Provided information START
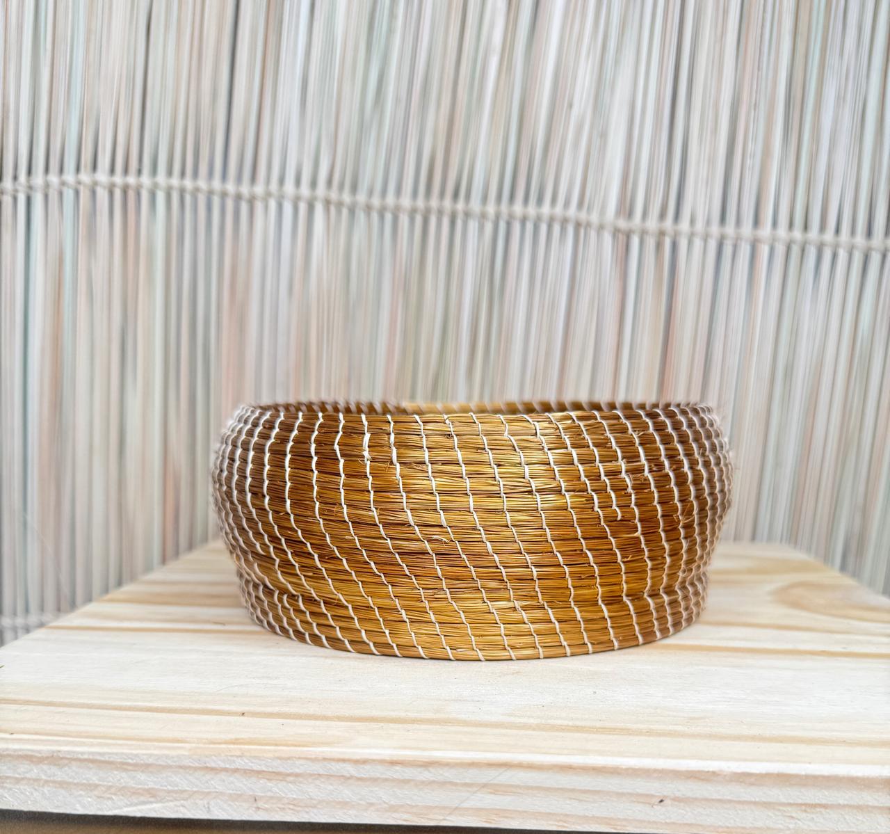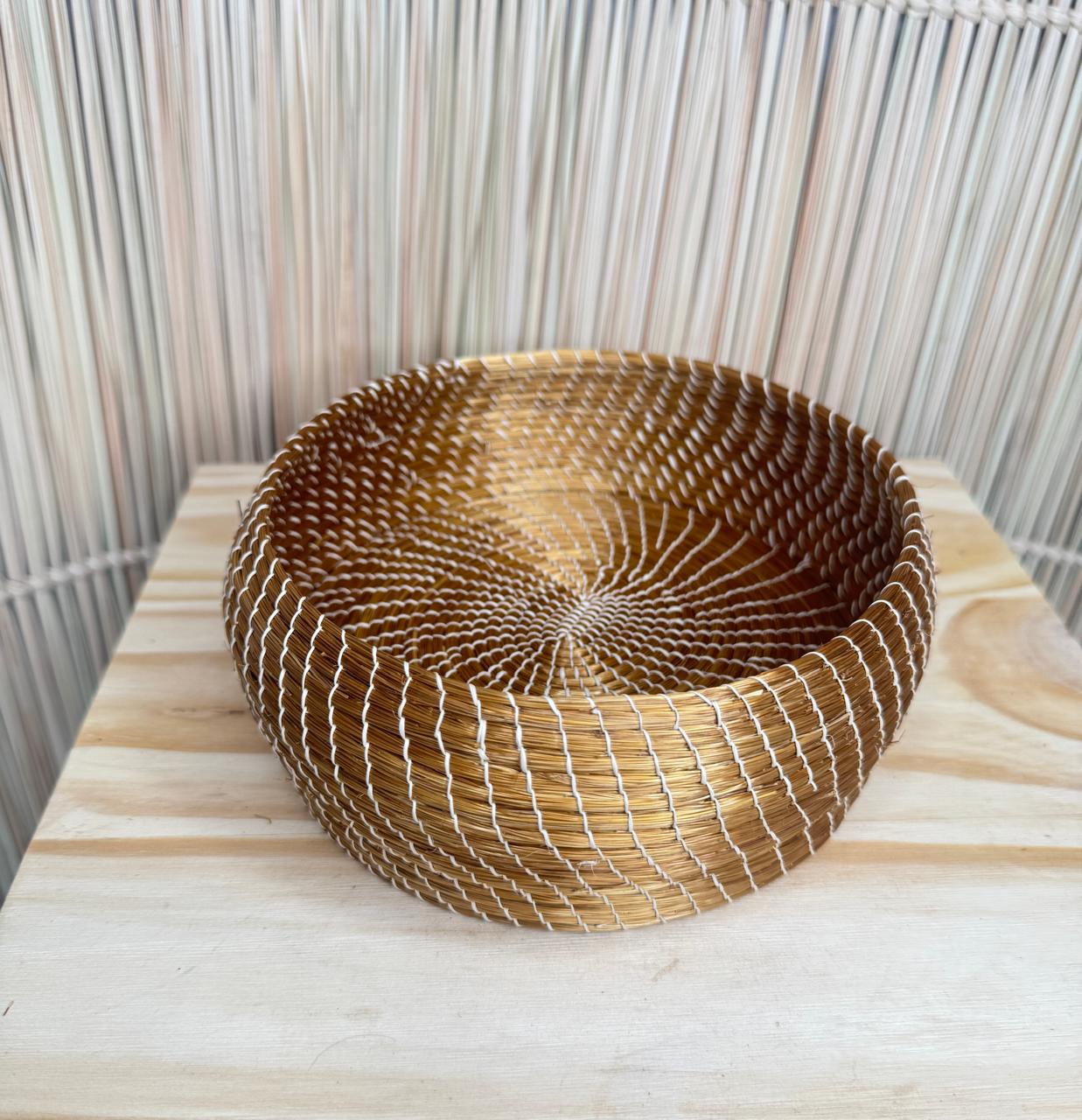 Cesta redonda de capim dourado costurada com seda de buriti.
Provided information END
Provided information START
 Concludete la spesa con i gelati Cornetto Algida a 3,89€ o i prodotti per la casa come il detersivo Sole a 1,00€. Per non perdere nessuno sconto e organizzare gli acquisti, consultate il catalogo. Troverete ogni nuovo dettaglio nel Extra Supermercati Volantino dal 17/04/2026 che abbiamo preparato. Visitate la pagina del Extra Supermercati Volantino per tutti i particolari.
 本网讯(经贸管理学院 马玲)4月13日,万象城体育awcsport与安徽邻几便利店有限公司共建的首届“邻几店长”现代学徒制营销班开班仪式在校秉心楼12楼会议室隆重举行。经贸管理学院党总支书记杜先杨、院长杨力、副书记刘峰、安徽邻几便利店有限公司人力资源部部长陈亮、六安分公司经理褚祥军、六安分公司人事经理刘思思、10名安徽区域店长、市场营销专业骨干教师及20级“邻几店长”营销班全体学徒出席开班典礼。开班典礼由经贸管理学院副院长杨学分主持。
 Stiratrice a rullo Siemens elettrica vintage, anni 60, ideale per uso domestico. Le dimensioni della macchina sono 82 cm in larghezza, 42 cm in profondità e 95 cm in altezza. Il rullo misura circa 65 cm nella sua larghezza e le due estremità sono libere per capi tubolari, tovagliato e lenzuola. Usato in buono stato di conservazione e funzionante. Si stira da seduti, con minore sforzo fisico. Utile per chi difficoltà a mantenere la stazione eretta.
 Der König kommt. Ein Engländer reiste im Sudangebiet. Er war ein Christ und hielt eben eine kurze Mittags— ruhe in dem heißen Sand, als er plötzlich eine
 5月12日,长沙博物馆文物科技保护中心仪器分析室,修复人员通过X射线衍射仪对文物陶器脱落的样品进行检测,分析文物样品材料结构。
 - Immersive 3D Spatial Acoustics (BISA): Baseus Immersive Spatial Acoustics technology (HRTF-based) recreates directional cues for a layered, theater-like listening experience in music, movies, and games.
Provided information END
### What you need to do
Nothing but the lines above from the one containing "本网讯(经贸管理学院 马玲)" through the one containing "- Immersive 3D" should appear in the answer, each repeated exactly.

### Task response
 本网讯(经贸管理学院 马玲)4月13日,万象城体育awcsport与安徽邻几便利店有限公司共建的首届“邻几店长”现代学徒制营销班开班仪式在校秉心楼12楼会议室隆重举行。经贸管理学院党总支书记杜先杨、院长杨力、副书记刘峰、安徽邻几便利店有限公司人力资源部部长陈亮、六安分公司经理褚祥军、六安分公司人事经理刘思思、10名安徽区域店长、市场营销专业骨干教师及20级“邻几店长”营销班全体学徒出席开班典礼。开班典礼由经贸管理学院副院长杨学分主持。
 Stiratrice a rullo Siemens elettrica vintage, anni 60, ideale per uso domestico. Le dimensioni della macchina sono 82 cm in larghezza, 42 cm in profondità e 95 cm in altezza. Il rullo misura circa 65 cm nella sua larghezza e le due estremità sono libere per capi tubolari, tovagliato e lenzuola. Usato in buono stato di conservazione e funzionante. Si stira da seduti, con minore sforzo fisico. Utile per chi difficoltà a mantenere la stazione eretta.
 Der König kommt. Ein Engländer reiste im Sudangebiet. Er war ein Christ und hielt eben eine kurze Mittags— ruhe in dem heißen Sand, als er plötzlich eine
 5月12日,长沙博物馆文物科技保护中心仪器分析室,修复人员通过X射线衍射仪对文物陶器脱落的样品进行检测,分析文物样品材料结构。
 - Immersive 3D Spatial Acoustics (BISA): Baseus Immersive Spatial Acoustics technology (HRTF-based) recreates directional cues for a layered, theater-like listening experience in music, movies, and games.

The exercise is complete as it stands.